Drop the pictures and restate the rest of the listing word for word.

**EXTRACTED INFORMATION**
+ + + + +

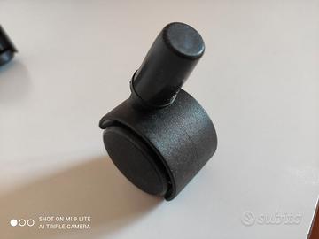 Ruote pivottanti nere in materiale plastico. Diametro ruotino 40 mm. Larghezza 39 mm. Leggere adatte a carrelli e mobili leggeri. Portata max 20 Kg per ruota. Inserimento a pressione su fori o tubi d=15/18 mm. Altre dimensioni su richiesta.
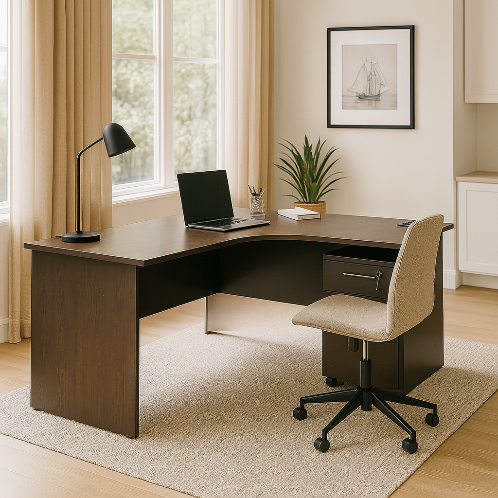 Aries L Shape Study Table with Mobile Pedestal (160cm)
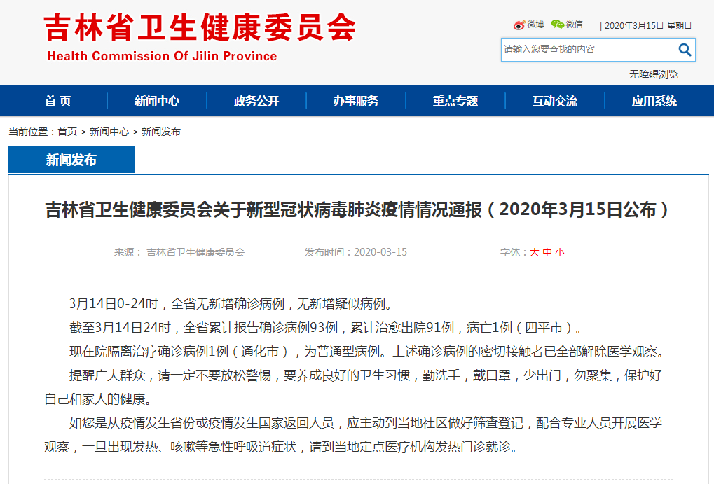 截至3月14日24时,全省累计报告确诊病例93例,累计治愈出院91例,病亡1例(四平市)。
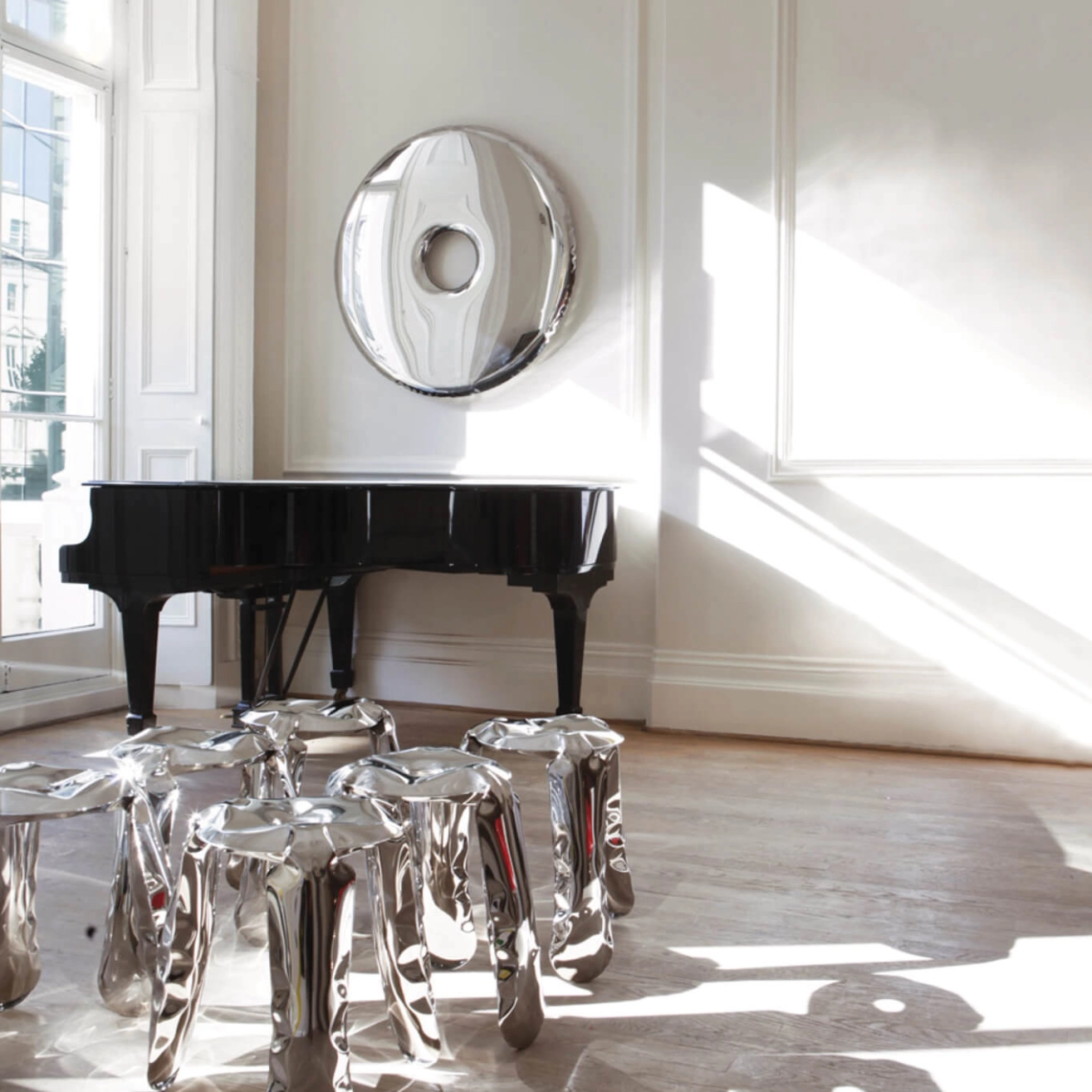 Fondé en 2010 par Oskar Zięta, Zieta Studio est une marque polonaise emblématique de mobilier design contemporain, reconnue pour son approche expérimentale et sculpturale du métal. Basée à Wrocław, en Pologne, l’entreprise s’impose comme un acteur avant-gardiste du design international grâce à sa technologie brevetée FiDU (Free Inner Pressure Deformation), un procédé innovant qui consiste à gonfler des plaques métalliques sous pression pour créer des formes tridimensionnelles uniques. Parmi les créations les plus emblématiques de Zieta, on retrouve le tabouret Plopp, véritable icône du design contemporain, le miroir Rondo, ou encore la G-Table, alliance parfaite entre artisanat de précision, esthétique organique et technologie de pointe.
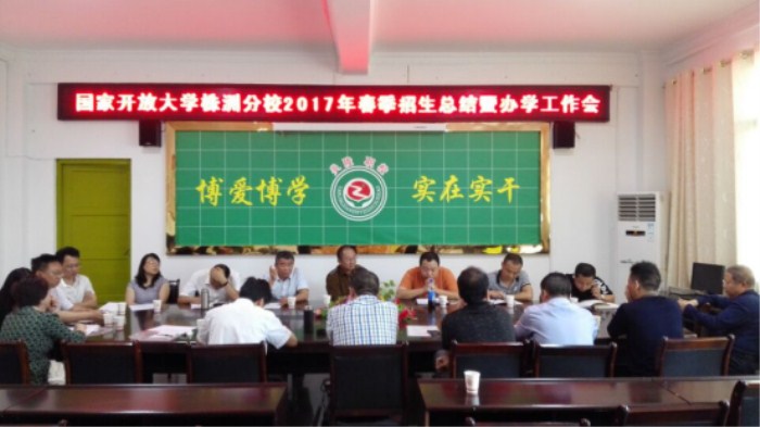 5月16日,株洲市电大教学点2017年春季招生总结暨办学工作会在炎陵电大工作站召开。株洲电大党委书记、校长罗立林,党委委员、副校长汤毅出席会议。教务科、招生办、开放教育学院负责人,各工作站、教学点分管领导及负责同志等20余人参加了会议。会议由汤毅主持。
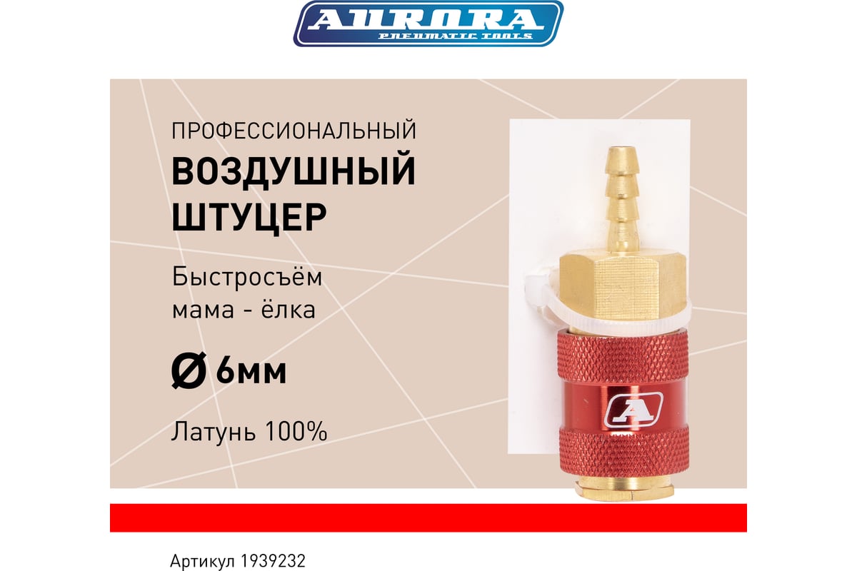 Штуцер профессиональный Aurora это быстросъемный элемент, который предназначен для быстрого и надёжного подключения пневматического шланга. Корпус изготовлен из латуни. Латунный корпус устойчив к появлению коррозии.
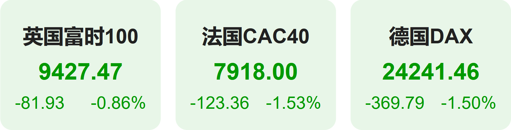 上周五,欧洲股市方面,英国富时100指数小幅下跌0.86%,报9427点。法国CAC40指数下跌1.53%,报7918点。德国DAX指数下跌1.50%,报24241点。
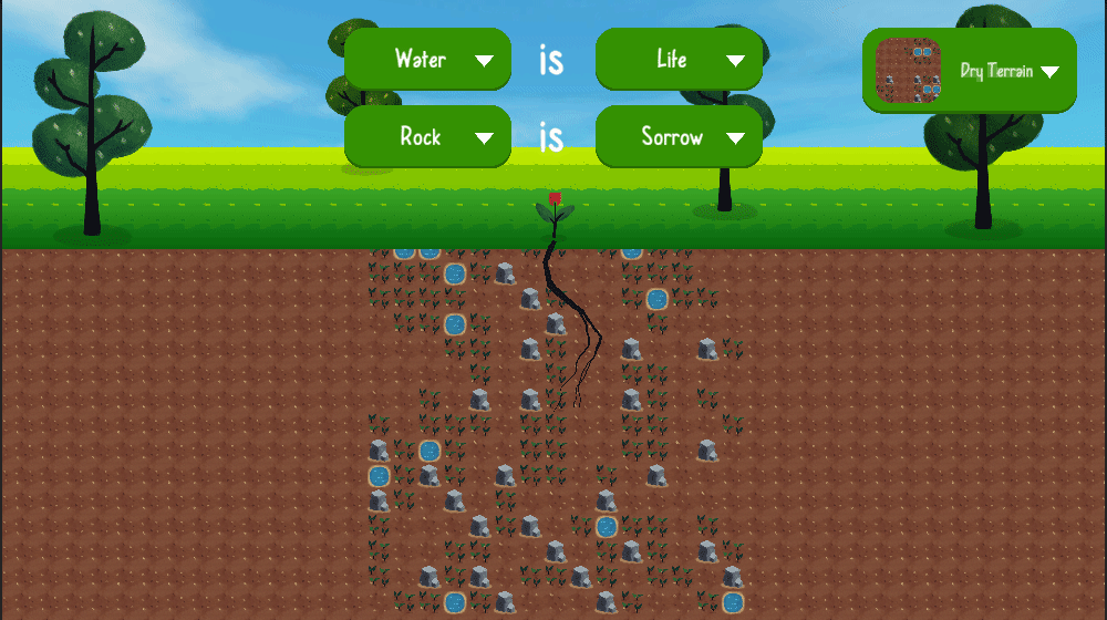 In this machine-learning sandbox, your goal is to tell a flower how to grow and watch its roots spread as you've directed. Can you guide the flower to water *and* make it drink? Developed for Global Game Jam 2023.

+ + + + +

**RESPONSE AREA**
 Ruote pivottanti nere in materiale plastico. Diametro ruotino 40 mm. Larghezza 39 mm. Leggere adatte a carrelli e mobili leggeri. Portata max 20 Kg per ruota. Inserimento a pressione su fori o tubi d=15/18 mm. Altre dimensioni su richiesta.
 Aries L Shape Study Table with Mobile Pedestal (160cm)
 截至3月14日24时,全省累计报告确诊病例93例,累计治愈出院91例,病亡1例(四平市)。
 Fondé en 2010 par Oskar Zięta, Zieta Studio est une marque polonaise emblématique de mobilier design contemporain, reconnue pour son approche expérimentale et sculpturale du métal. Basée à Wrocław, en Pologne, l’entreprise s’impose comme un acteur avant-gardiste du design international grâce à sa technologie brevetée FiDU (Free Inner Pressure Deformation), un procédé innovant qui consiste à gonfler des plaques métalliques sous pression pour créer des formes tridimensionnelles uniques. Parmi les créations les plus emblématiques de Zieta, on retrouve le tabouret Plopp, véritable icône du design contemporain, le miroir Rondo, ou encore la G-Table, alliance parfaite entre artisanat de précision, esthétique organique et technologie de pointe.
 5月16日,株洲市电大教学点2017年春季招生总结暨办学工作会在炎陵电大工作站召开。株洲电大党委书记、校长罗立林,党委委员、副校长汤毅出席会议。教务科、招生办、开放教育学院负责人,各工作站、教学点分管领导及负责同志等20余人参加了会议。会议由汤毅主持。
 Штуцер профессиональный Aurora это быстросъемный элемент, который предназначен для быстрого и надёжного подключения пневматического шланга. Корпус изготовлен из латуни. Латунный корпус устойчив к появлению коррозии.
 上周五,欧洲股市方面,英国富时100指数小幅下跌0.86%,报9427点。法国CAC40指数下跌1.53%,报7918点。德国DAX指数下跌1.50%,报24241点。
 In this machine-learning sandbox, your goal is to tell a flower how to grow and watch its roots spread as you've directed. Can you guide the flower to water *and* make it drink? Developed for Global Game Jam 2023.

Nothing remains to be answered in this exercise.